Non-conductive material eliminates the risk of electrical shocks and grounding issues.
Fire-resistant versions are available, though standard PVC conduit can emit toxic fumes when burned.
Used in residential, commercial, and industrial electrical systems.
Suitable for above-ground and underground installations, including direct burial and concrete encasement.
Commonly used for solar installations, telecommunications, and HVAC systems.
When choosing between LSZH (Low Smoke Zero Halogen) conduit and PVC (Polyvinyl Chloride) conduit, it’s essential to understand their fundamental differences. These materials differ in terms of composition, safety, fire performance, code compliance, installations, and cost etc, which influence their suitability for various applications.
Pro tips: You can read our last post for the LSZH conduit beginner guide first if you are finding it difficult to understand as follow content.
LSZH conduit is made from special thermoplastic or thermoset compounds that do not contain halogens such as chlorine, fluorine, bromine, or iodine. The primary goal of LSZH materials is to minimize toxic emissions and prevent corrosive gas formation when exposed to fire.
LSZH materials are engineered using alternative flame-retardant additives such as:
- Aluminum hydroxide (Al(OH)₃) – releases water vapor when heated, which helps suppress flames.
- Magnesium hydroxide (Mg(OH)₂) – provides heat absorption and further reduces smoke production.

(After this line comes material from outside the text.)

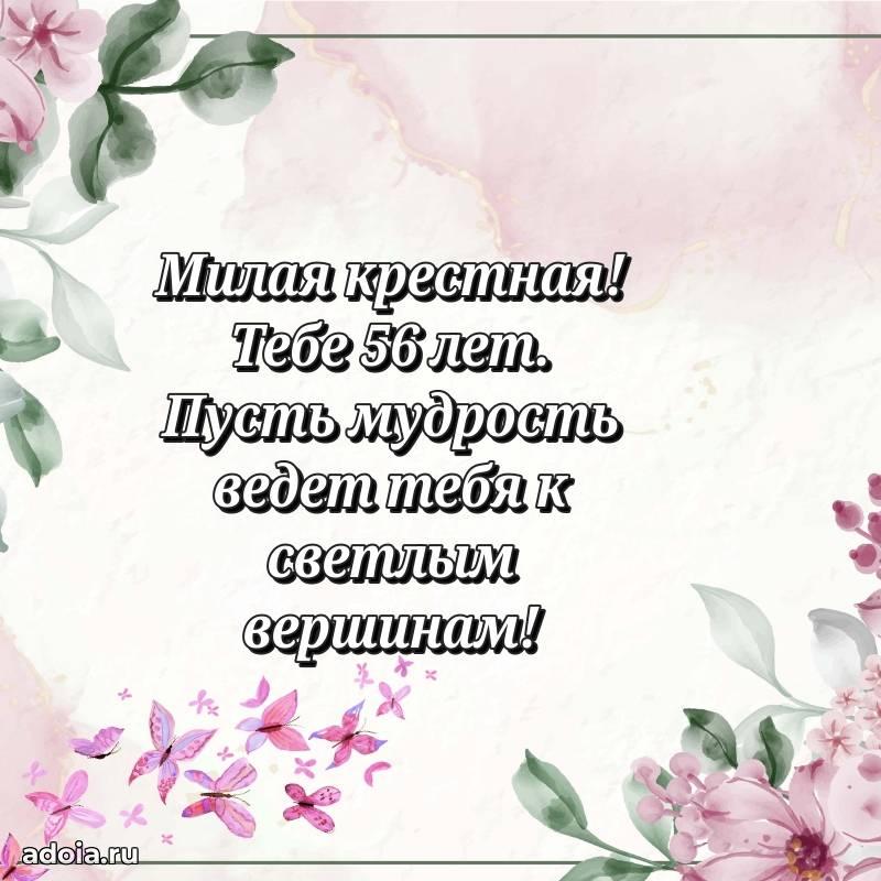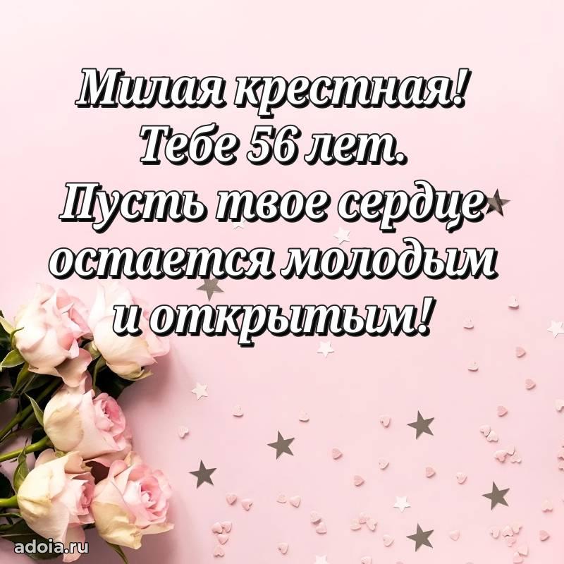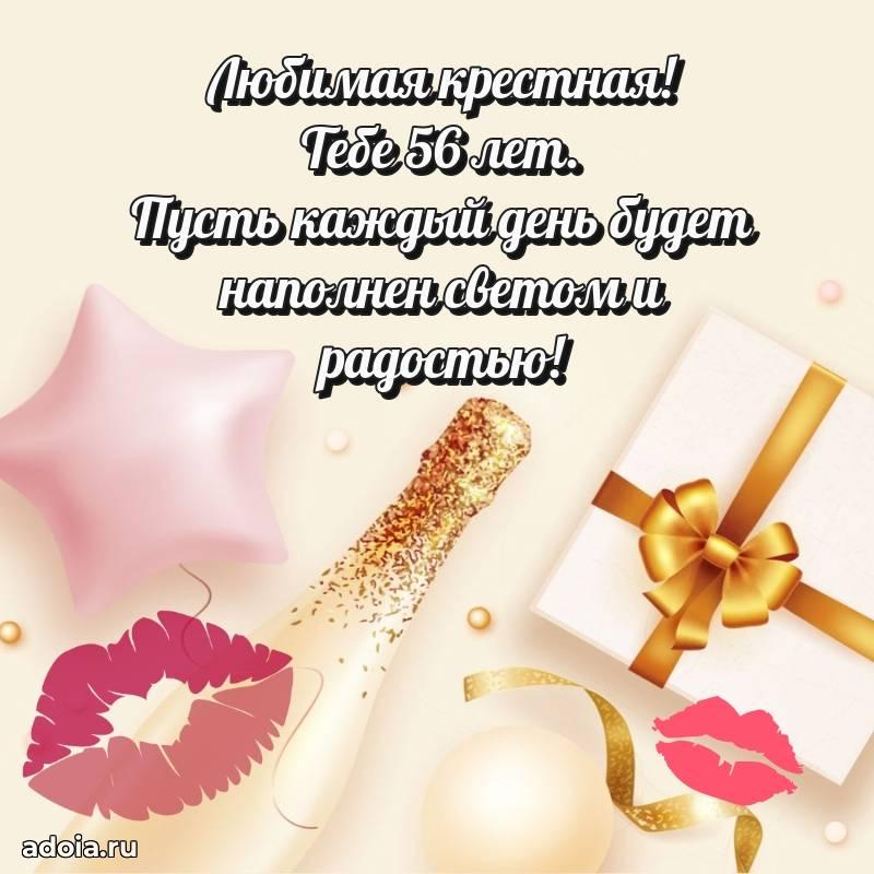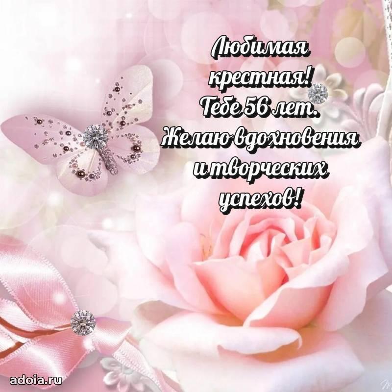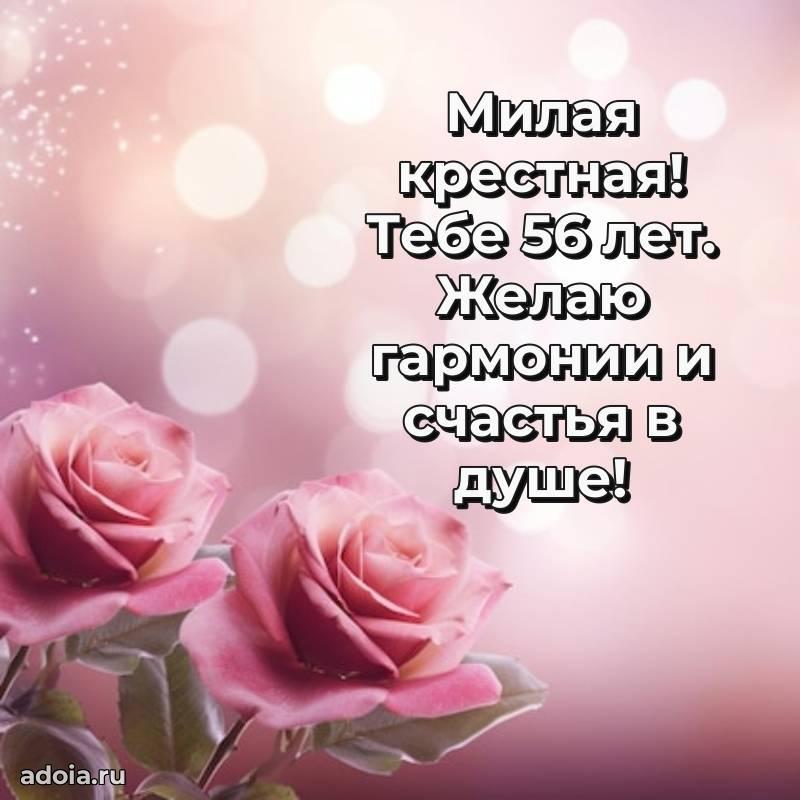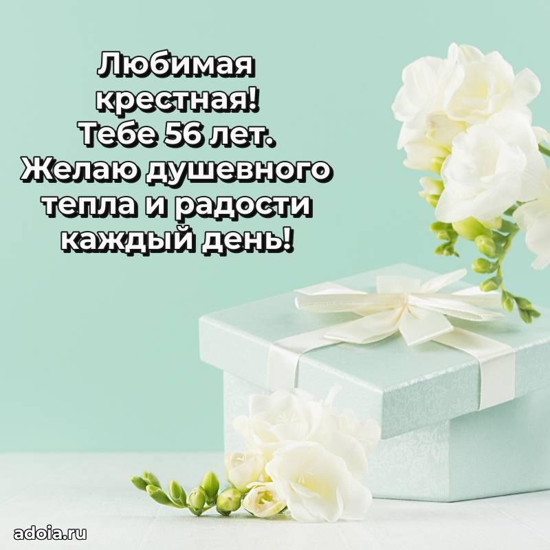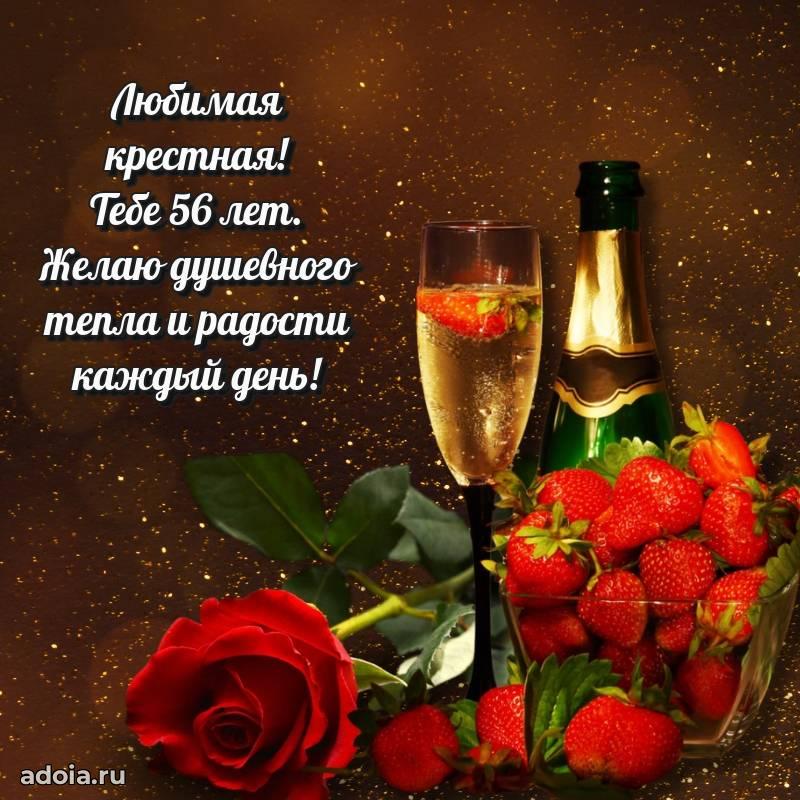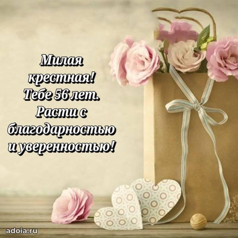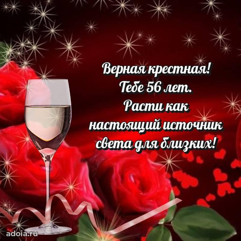 В поисках красивых и современных открыток? Вы попали по адресу! Здесь вы найдете картинки с днем рождения Крестной на 56 лет! Все картинки в высоком качестве, которые можно скачать или отправить через WhatsApp бесплатно. Также вы найдете много прикольных и мерцающих гифок и анимаций, которые поднимут настроение! Все открытки содержат поздравления в стихах и прозе.

- Phosphorus-based compounds – enhance fire resistance while maintaining mechanical flexibility.
These materials do not produce corrosive fumes when burned, making LSZH conduit a safer choice in enclosed spaces, transportation hubs, and critical infrastructure where air quality is a priority.
PVC conduit is made from polyvinyl chloride, a synthetic plastic polymer that contains chlorine. While PVC is inherently flame-resistant due to its self-extinguishing properties, it releases toxic halogen gases such as hydrogen chloride (HCl) when burned.
These gases pose serious health risks, as they can cause severe respiratory irritation and contribute to acidic corrosion when mixed with water. This is a significant concern in sensitive environments like data centers, hospitals, and tunnels, where equipment and human safety are paramount.
- Minimal smoke production – Improves visibility for safe evacuation.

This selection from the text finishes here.